What you will do —
The listing below holds a line with "作为中国新能源商用车第一品牌" and a later line with "On our way to". Write out those two lines and every line between them, exactly, and nothing else.

Data to use —
========

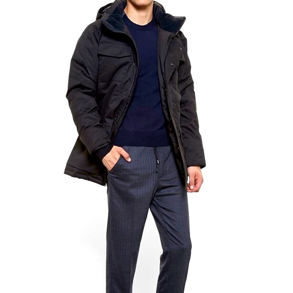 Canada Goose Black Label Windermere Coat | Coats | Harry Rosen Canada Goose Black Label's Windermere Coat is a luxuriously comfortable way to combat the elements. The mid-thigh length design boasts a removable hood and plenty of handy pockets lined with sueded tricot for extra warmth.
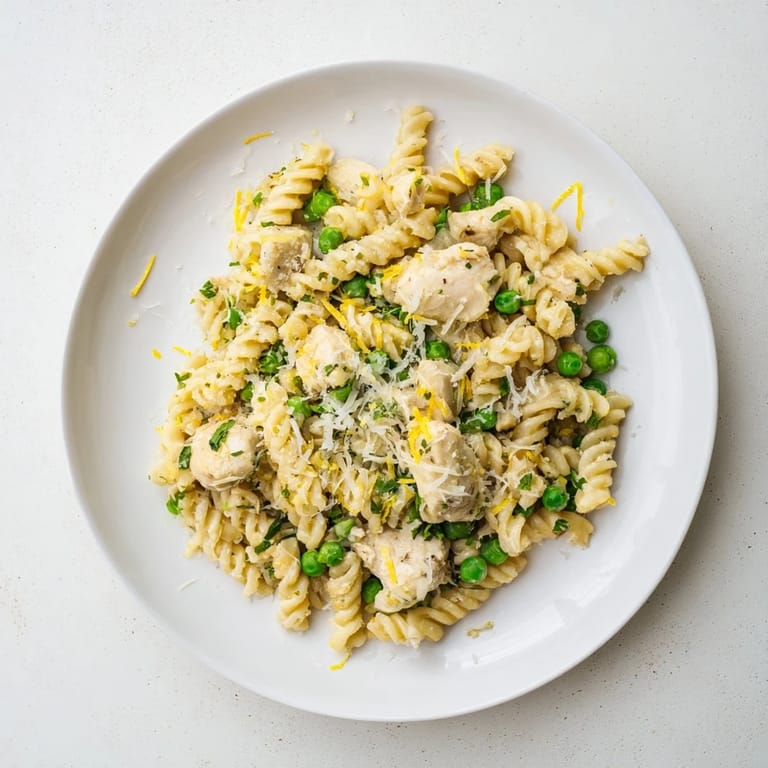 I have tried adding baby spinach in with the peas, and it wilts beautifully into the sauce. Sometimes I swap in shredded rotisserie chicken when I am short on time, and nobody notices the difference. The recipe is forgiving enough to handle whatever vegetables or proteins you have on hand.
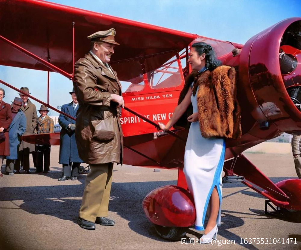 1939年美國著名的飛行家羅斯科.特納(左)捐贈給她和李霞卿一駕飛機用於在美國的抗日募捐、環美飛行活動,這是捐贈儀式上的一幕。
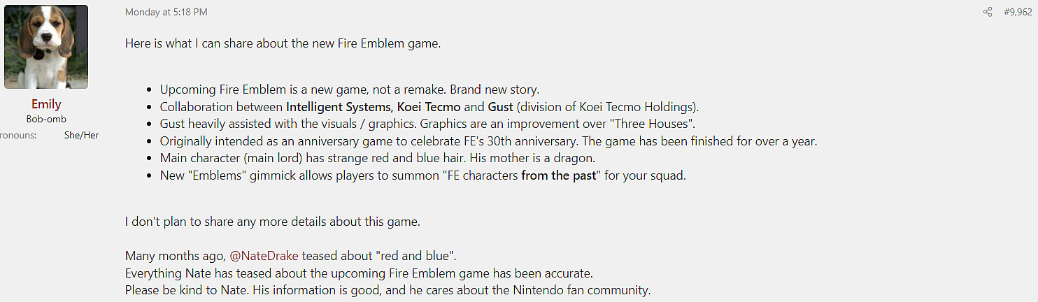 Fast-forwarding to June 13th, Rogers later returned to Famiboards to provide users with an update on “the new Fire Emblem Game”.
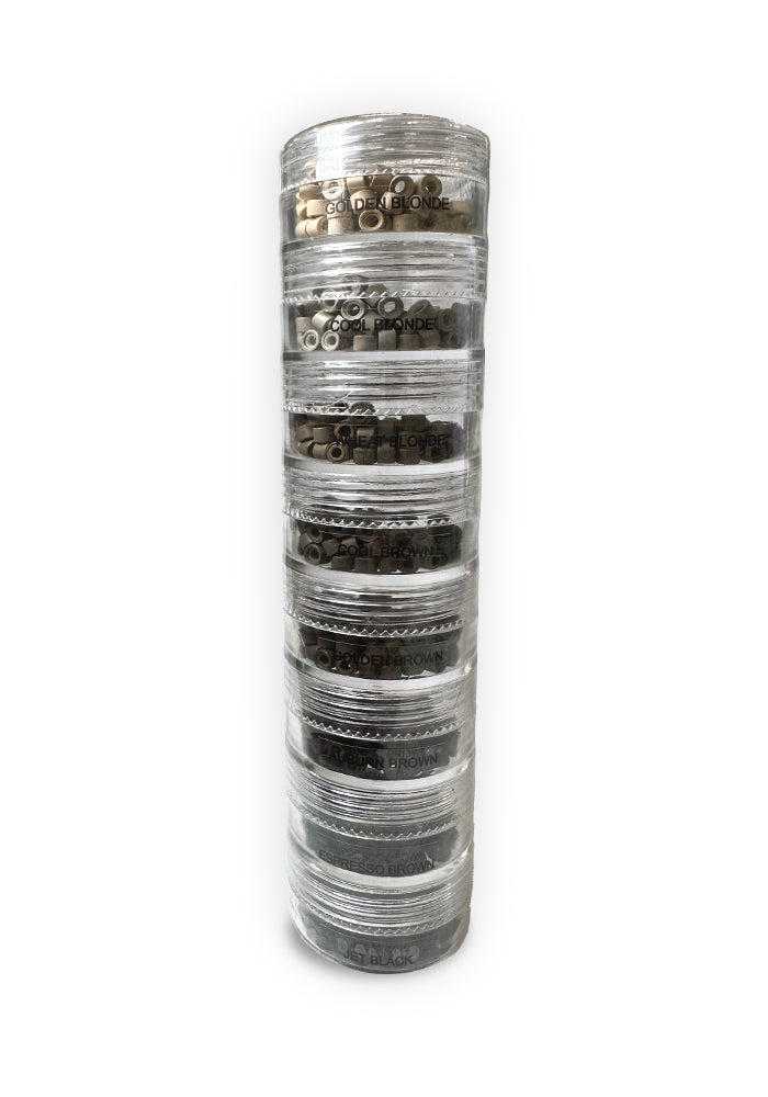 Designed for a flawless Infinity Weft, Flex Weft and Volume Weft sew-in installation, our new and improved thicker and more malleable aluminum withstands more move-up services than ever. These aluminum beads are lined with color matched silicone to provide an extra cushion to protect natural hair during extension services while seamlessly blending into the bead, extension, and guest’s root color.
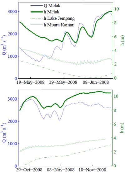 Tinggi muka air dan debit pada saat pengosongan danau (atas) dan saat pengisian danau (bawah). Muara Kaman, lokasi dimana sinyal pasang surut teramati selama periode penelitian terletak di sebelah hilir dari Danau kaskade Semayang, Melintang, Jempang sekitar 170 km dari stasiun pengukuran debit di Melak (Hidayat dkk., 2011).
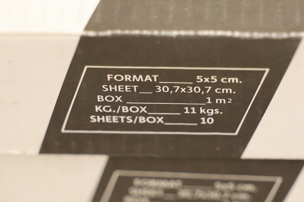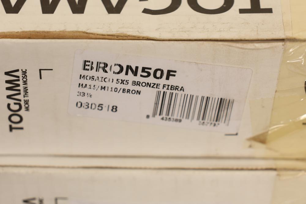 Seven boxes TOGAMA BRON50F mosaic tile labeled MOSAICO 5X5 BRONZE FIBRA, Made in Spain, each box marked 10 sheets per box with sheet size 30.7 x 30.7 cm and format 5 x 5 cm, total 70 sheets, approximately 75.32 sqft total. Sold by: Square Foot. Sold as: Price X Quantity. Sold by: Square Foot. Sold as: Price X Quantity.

========

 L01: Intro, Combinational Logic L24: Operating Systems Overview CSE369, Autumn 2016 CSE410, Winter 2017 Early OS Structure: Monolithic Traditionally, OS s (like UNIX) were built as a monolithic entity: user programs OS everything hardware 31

========

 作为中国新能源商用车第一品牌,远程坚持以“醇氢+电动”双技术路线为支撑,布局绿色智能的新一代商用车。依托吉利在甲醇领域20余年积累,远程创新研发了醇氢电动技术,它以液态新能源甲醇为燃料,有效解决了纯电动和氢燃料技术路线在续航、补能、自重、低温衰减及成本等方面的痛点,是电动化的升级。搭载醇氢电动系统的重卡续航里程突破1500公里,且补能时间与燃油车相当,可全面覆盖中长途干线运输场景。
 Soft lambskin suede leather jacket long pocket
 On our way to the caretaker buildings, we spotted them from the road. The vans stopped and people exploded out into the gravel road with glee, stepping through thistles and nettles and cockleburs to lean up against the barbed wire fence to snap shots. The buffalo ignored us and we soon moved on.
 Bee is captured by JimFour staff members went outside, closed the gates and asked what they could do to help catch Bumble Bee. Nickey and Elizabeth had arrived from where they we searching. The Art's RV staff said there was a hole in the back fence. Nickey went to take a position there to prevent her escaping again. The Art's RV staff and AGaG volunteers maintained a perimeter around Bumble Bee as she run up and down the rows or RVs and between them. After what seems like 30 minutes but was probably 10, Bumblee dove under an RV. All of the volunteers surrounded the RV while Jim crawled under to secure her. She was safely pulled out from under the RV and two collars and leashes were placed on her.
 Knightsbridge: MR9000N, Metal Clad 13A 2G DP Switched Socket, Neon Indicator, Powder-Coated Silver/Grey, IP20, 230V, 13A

========

The answer —
 作为中国新能源商用车第一品牌,远程坚持以“醇氢+电动”双技术路线为支撑,布局绿色智能的新一代商用车。依托吉利在甲醇领域20余年积累,远程创新研发了醇氢电动技术,它以液态新能源甲醇为燃料,有效解决了纯电动和氢燃料技术路线在续航、补能、自重、低温衰减及成本等方面的痛点,是电动化的升级。搭载醇氢电动系统的重卡续航里程突破1500公里,且补能时间与燃油车相当,可全面覆盖中长途干线运输场景。
 Soft lambskin suede leather jacket long pocket
 On our way to the caretaker buildings, we spotted them from the road. The vans stopped and people exploded out into the gravel road with glee, stepping through thistles and nettles and cockleburs to lean up against the barbed wire fence to snap shots. The buffalo ignored us and we soon moved on.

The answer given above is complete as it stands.